> Problem description
Restate word for word the lines below, from the one containing "街机cn 来源:厂商 发表于:2021-03-24距离《怪物猎人:崛起(Monster" through the final line, with no pictures included.

> Supplied data
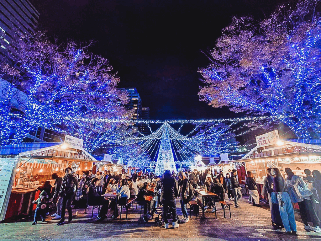 イルミネーションに包まれた“ゲート”をくぐると、そこはまるで海外のクリスマスマーケット。温かいホットワインやグルメ屋台、ライブ演奏などが広場いっぱいに展開され、家族連れや友達同士、デートにもぴったりな雰囲気です。
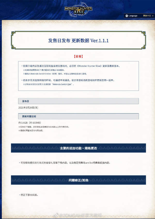 街机cn 来源:厂商 发表于:2021-03-24距离《怪物猎人:崛起(Monster Hunter:Rise)》发售还有两天,游戏媒体评分目前已经解锁,M站均分87可见媒体们对本作的认同。今日,卡普空公布了Switch《MHR》发售日当天发布Ver.1.1.1更新补丁介绍,据悉此次更新内容约为600MB,可领取与使用另行购买的豪华礼包等下载内容。
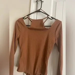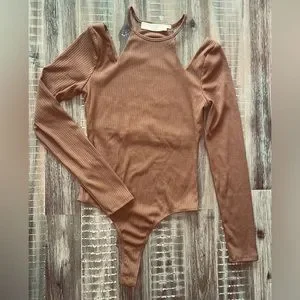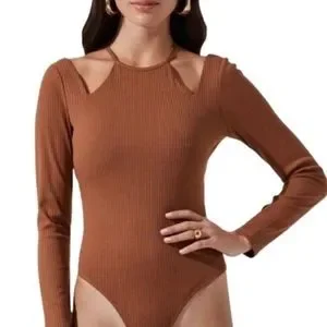NEW - ASTR The Label Brown Halter Neck Long Sleeve Cutout Bodysuit Size Small
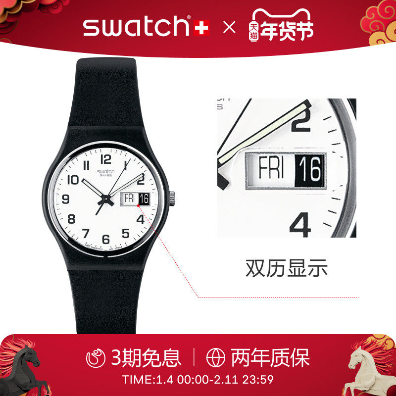 Swatch斯沃琪瑞士手表男女简约黑色初高中学生石英表考试新年礼物

> Solution below
 街机cn 来源:厂商 发表于:2021-03-24距离《怪物猎人:崛起(Monster Hunter:Rise)》发售还有两天,游戏媒体评分目前已经解锁,M站均分87可见媒体们对本作的认同。今日,卡普空公布了Switch《MHR》发售日当天发布Ver.1.1.1更新补丁介绍,据悉此次更新内容约为600MB,可领取与使用另行购买的豪华礼包等下载内容。
NEW - ASTR The Label Brown Halter Neck Long Sleeve Cutout Bodysuit Size Small
 Swatch斯沃琪瑞士手表男女简约黑色初高中学生石英表考试新年礼物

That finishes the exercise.